WHAT THE EXERCISE ASKS :: In the answer, give the entries below exactly, from the first line through the line with "Все характеристики, изображения", with every picture omitted.

GIVEN ENTRIES section start

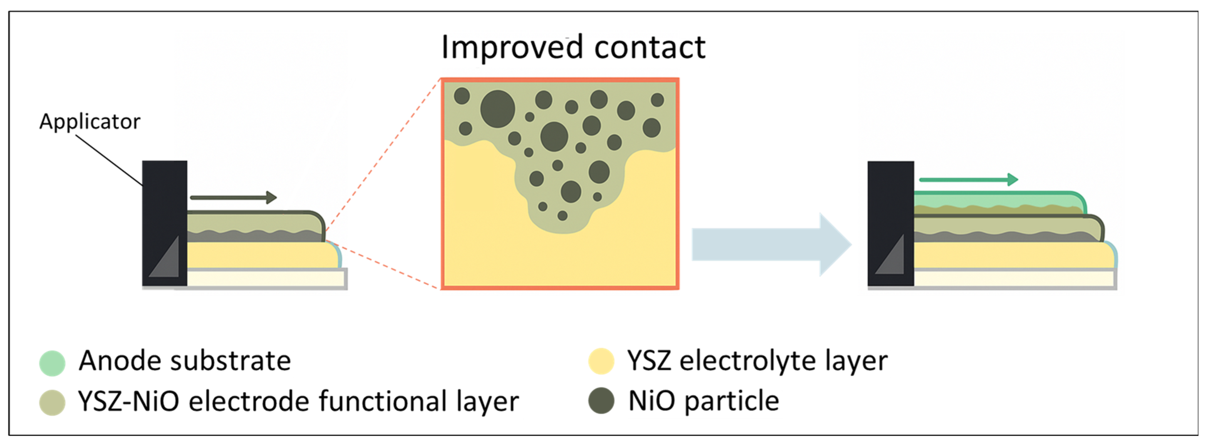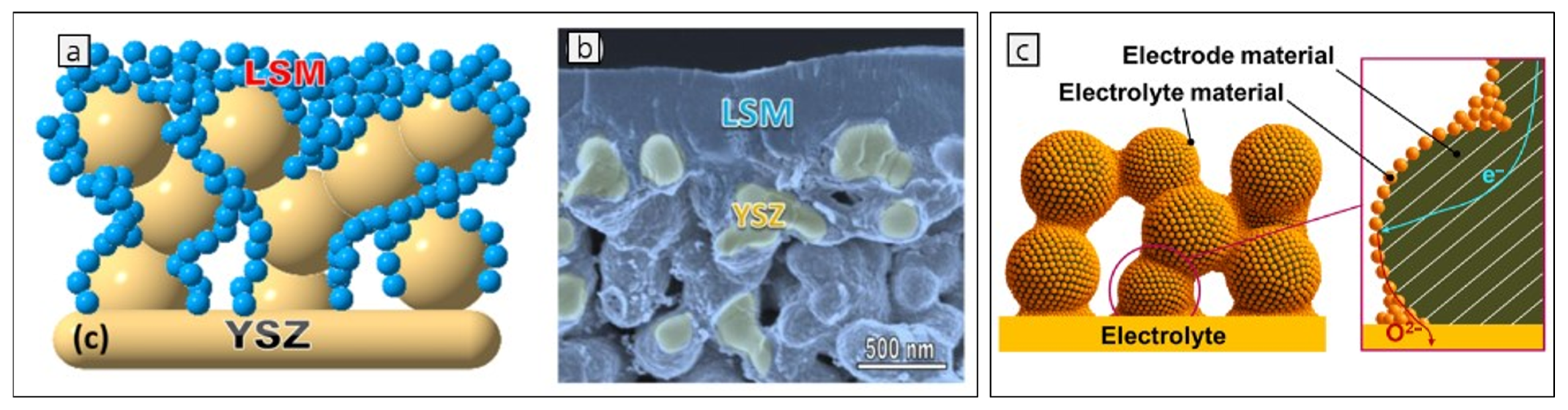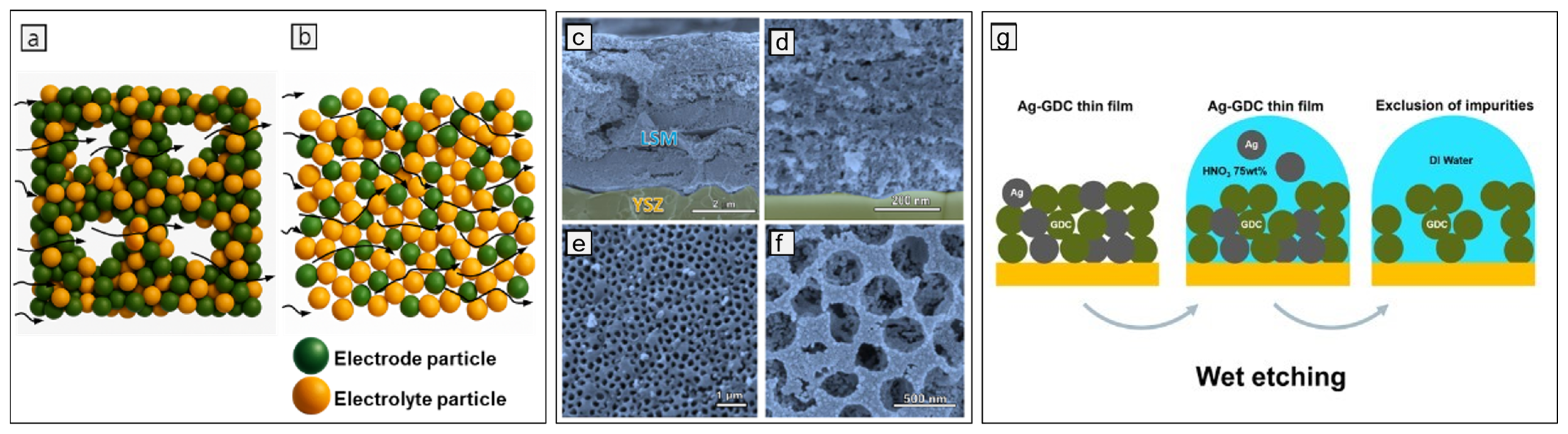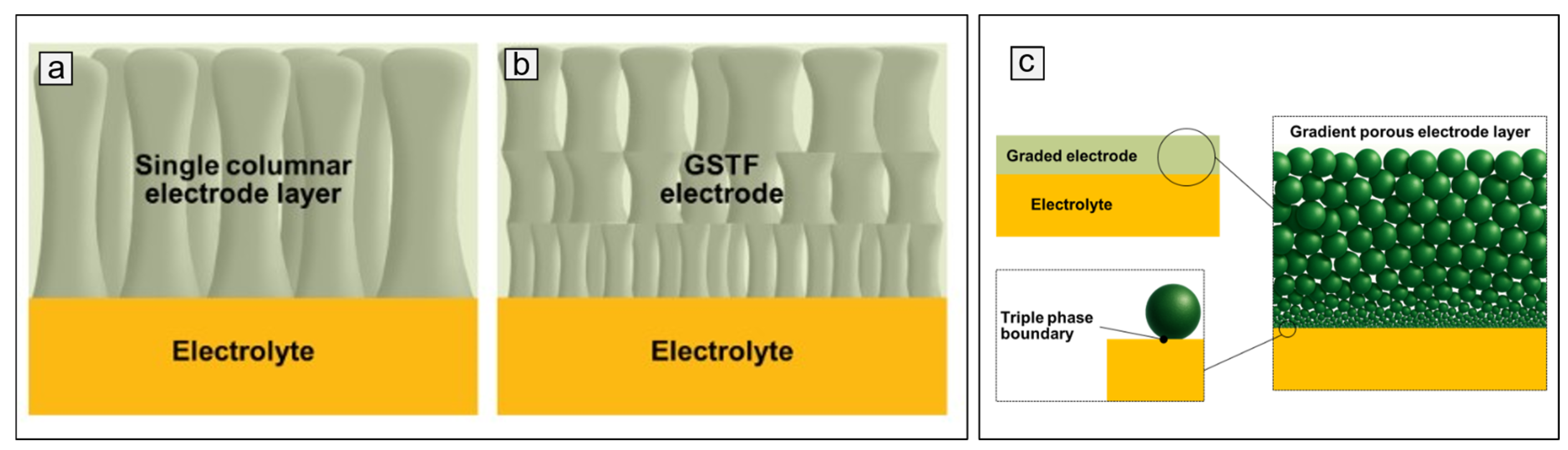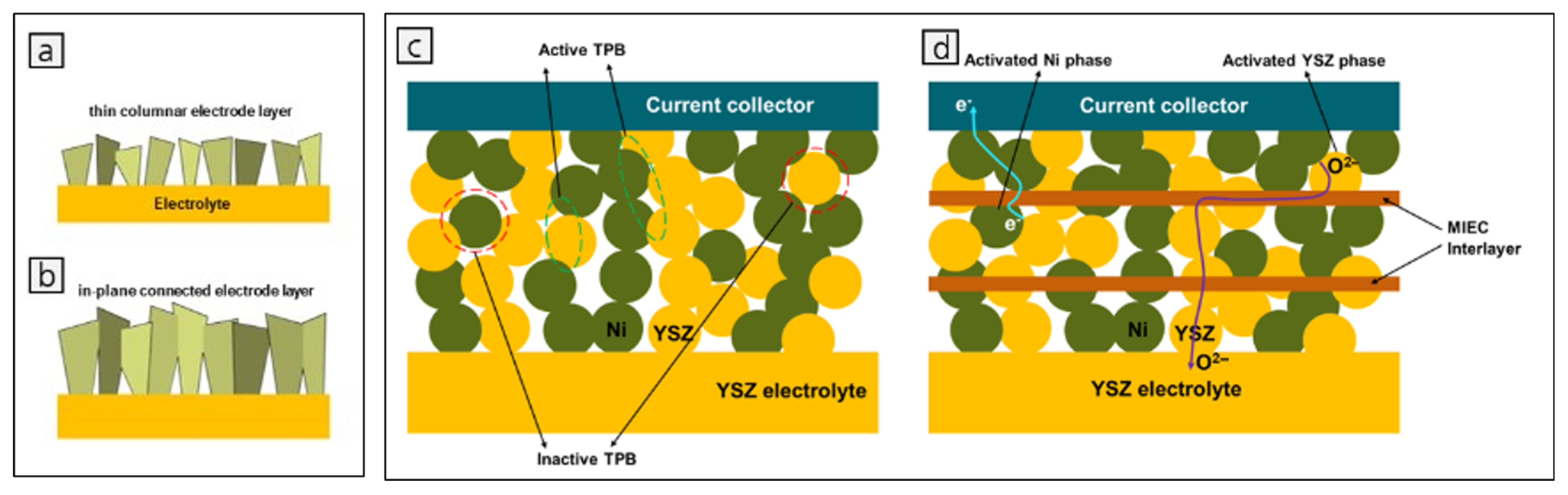 Conversely, electrode layers must be porous to ensure efficient reactant supply and removal. At the electrode–electrolyte interface, the microstructure must balance ion-conducting and electron-conducting phases with suitable porosity to maximize the triple-phase boundary (TPB). Accordingly, a functional interlayer is frequently employed between the outer electrode component and the electrolyte [
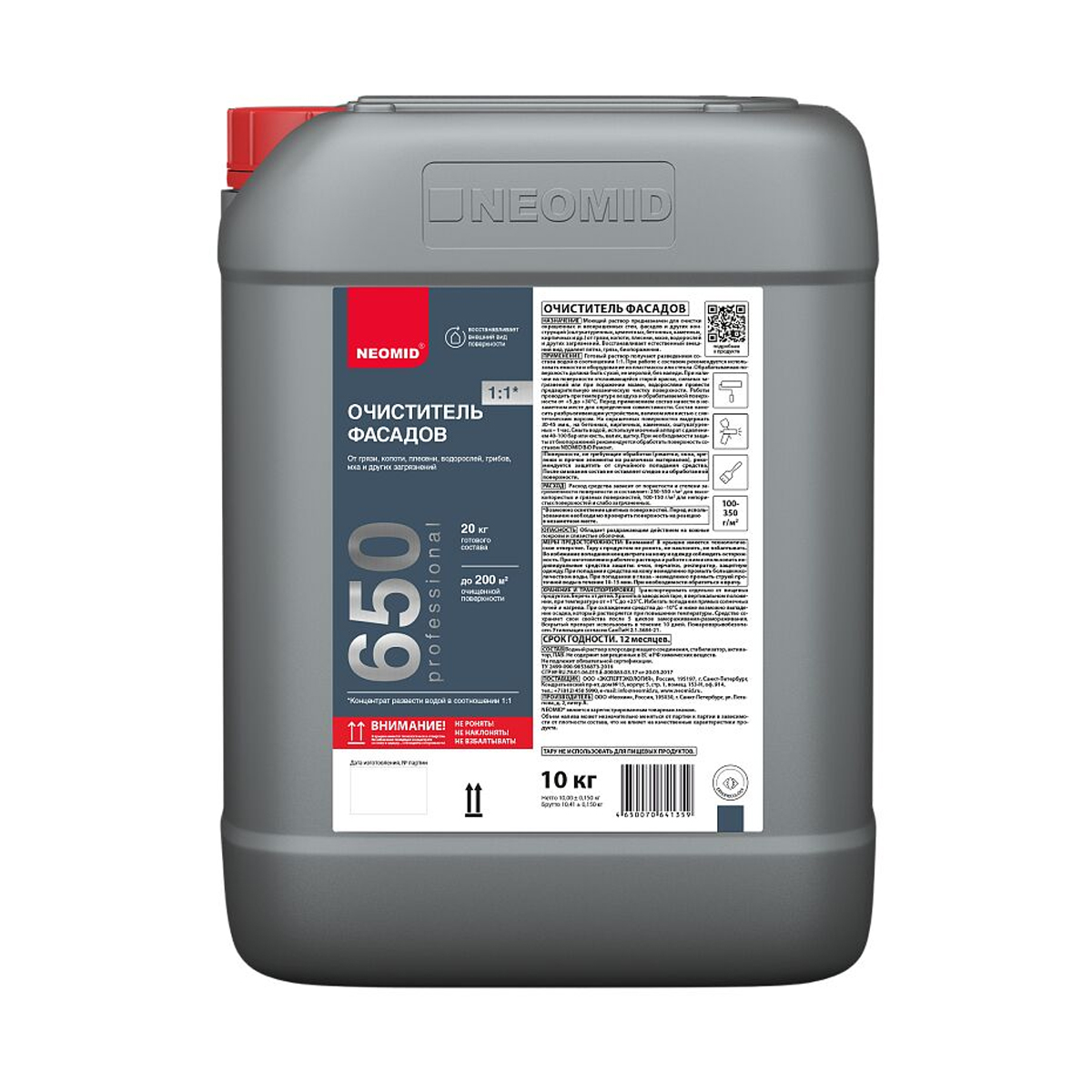 Все характеристики, изображения и описание товара "Очиститель фасадов Neomid 650 (10 кг)" носят
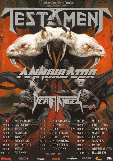 Testament have announced a European tour with Annihilator and Death Angel. Check out the dates out for that below.
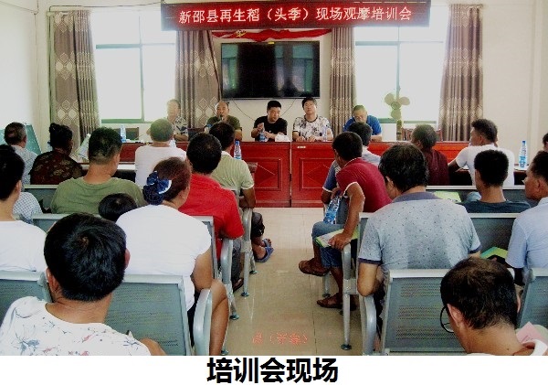 培训会现场,新邵县农业农村局专家详细讲解了“甬优4949”再生稻品种高产高效栽培技术要点和注意事项等,并就该品种的播种移栽、田间管理、病虫草害防治与生长进度进行了对比。
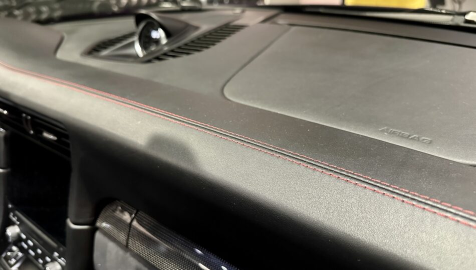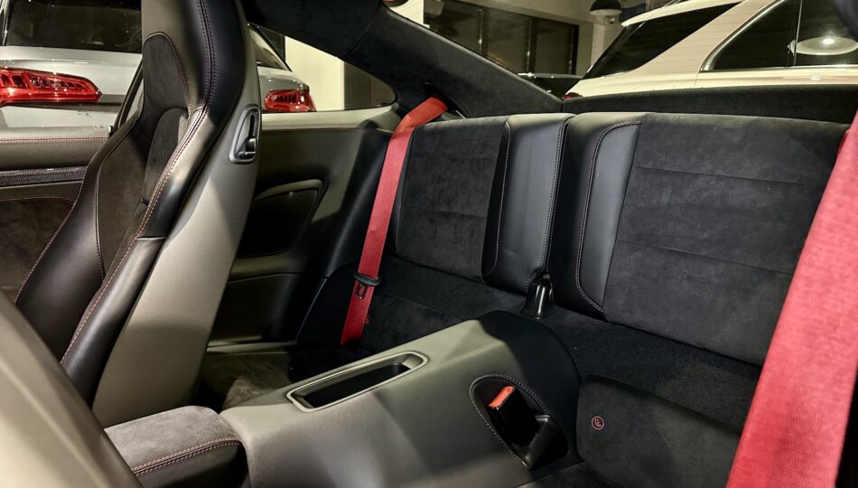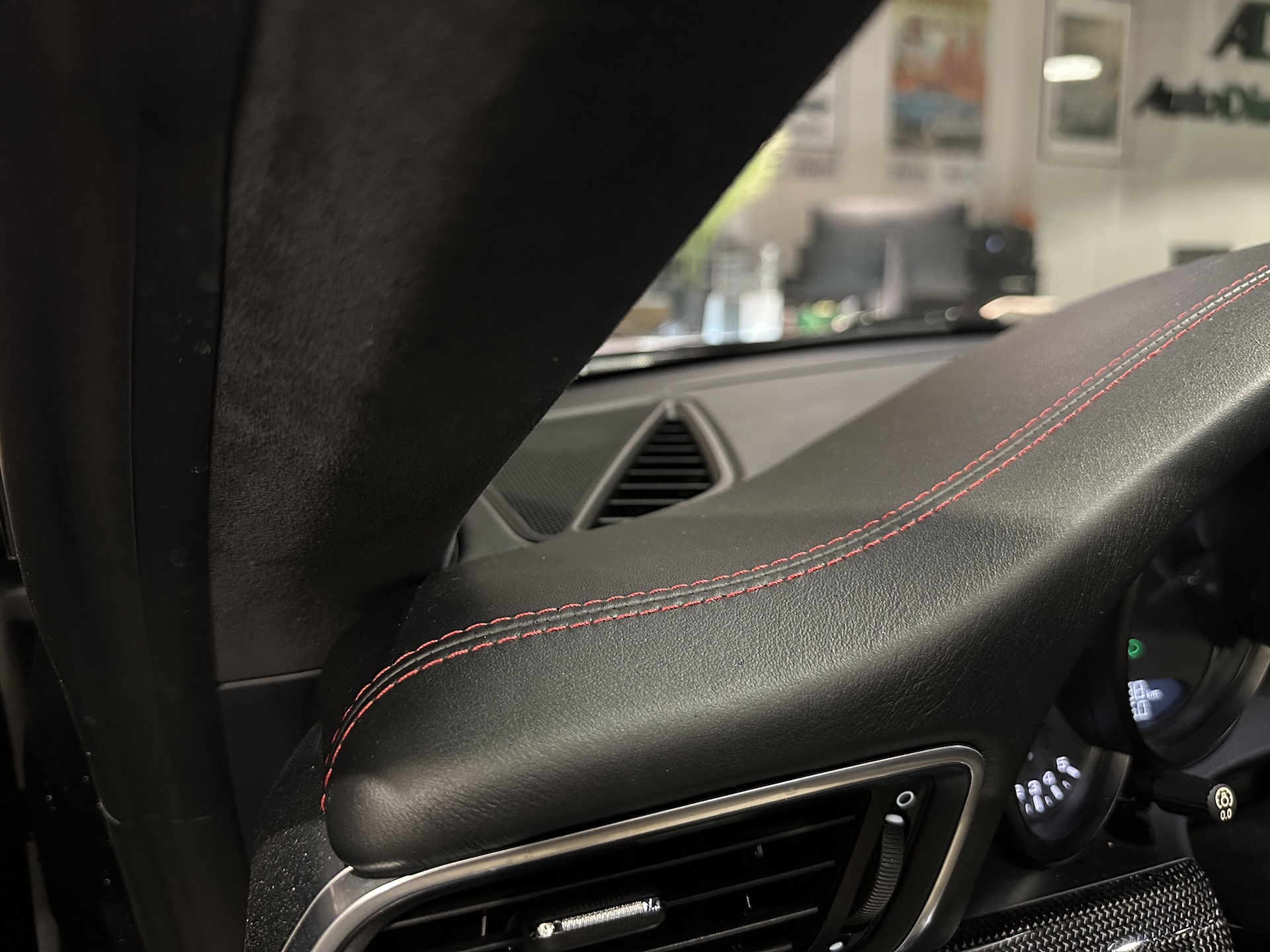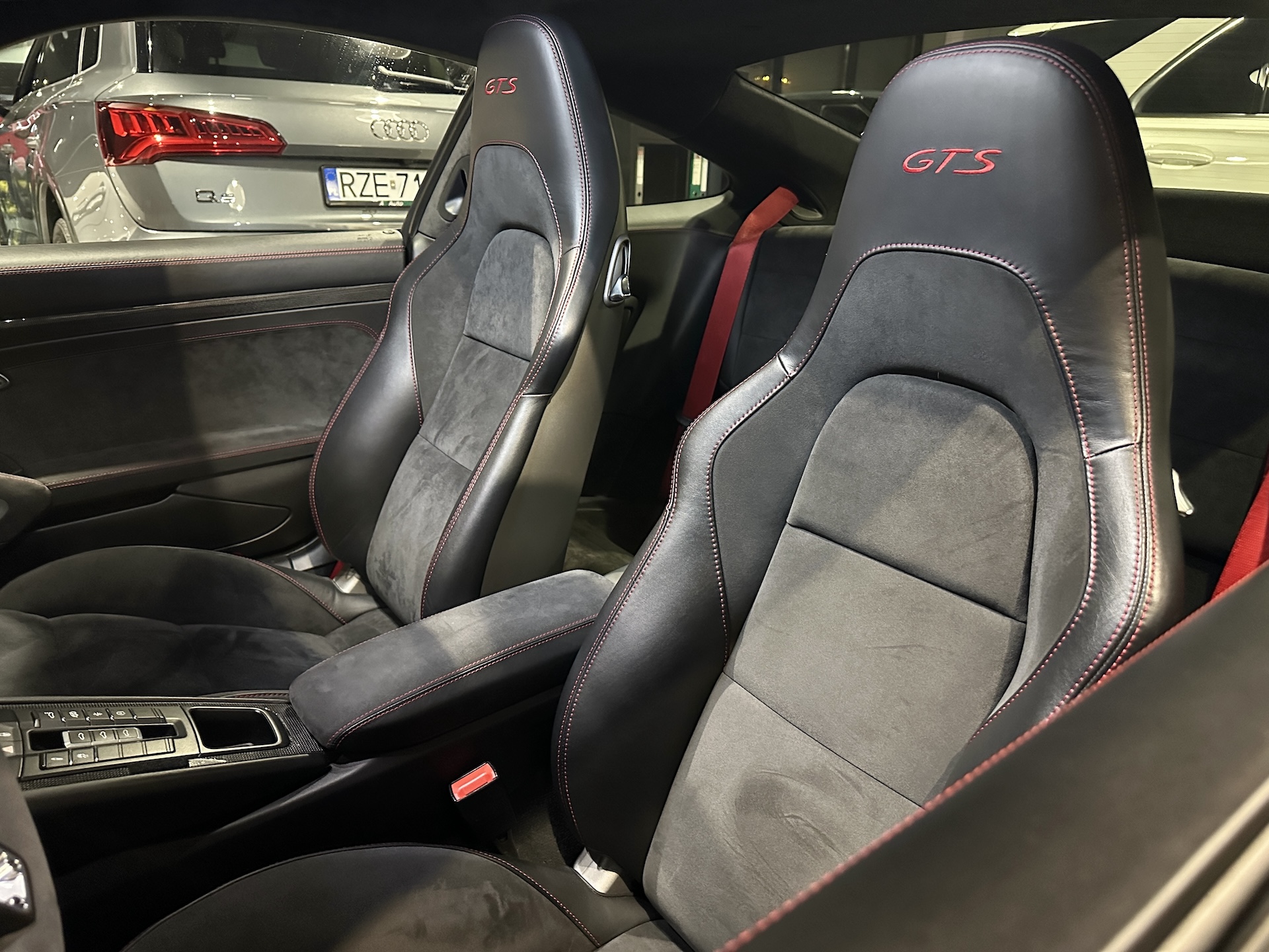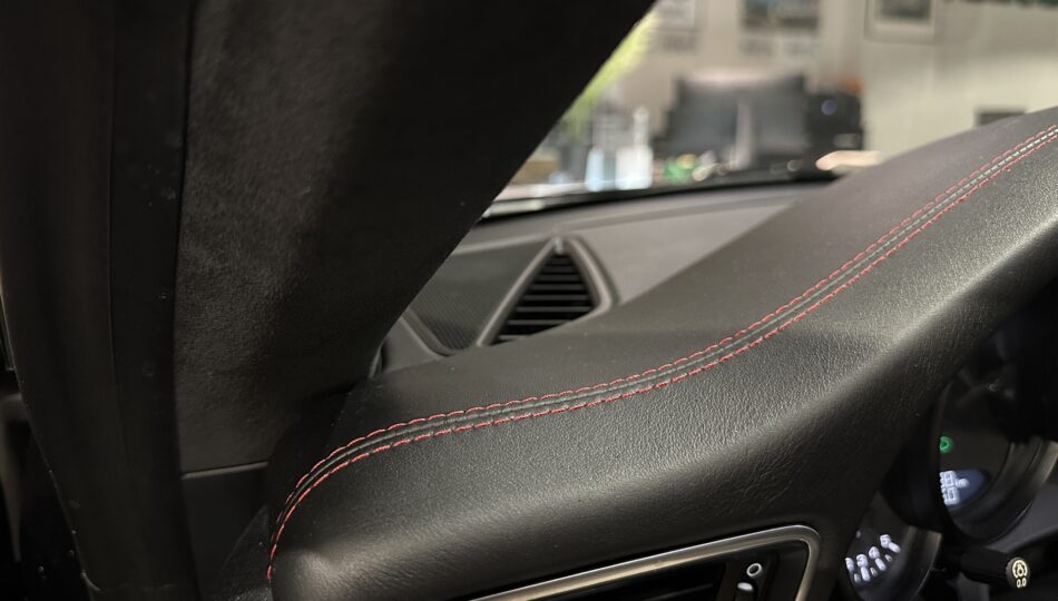 ▫️Tapicerka półskórzana z alcantarą i czerwonymi przeszyciami

GIVEN ENTRIES section end

RESPONSE FOR THIS EXERCISE ::
 Conversely, electrode layers must be porous to ensure efficient reactant supply and removal. At the electrode–electrolyte interface, the microstructure must balance ion-conducting and electron-conducting phases with suitable porosity to maximize the triple-phase boundary (TPB). Accordingly, a functional interlayer is frequently employed between the outer electrode component and the electrolyte [
 Все характеристики, изображения и описание товара "Очиститель фасадов Neomid 650 (10 кг)" носят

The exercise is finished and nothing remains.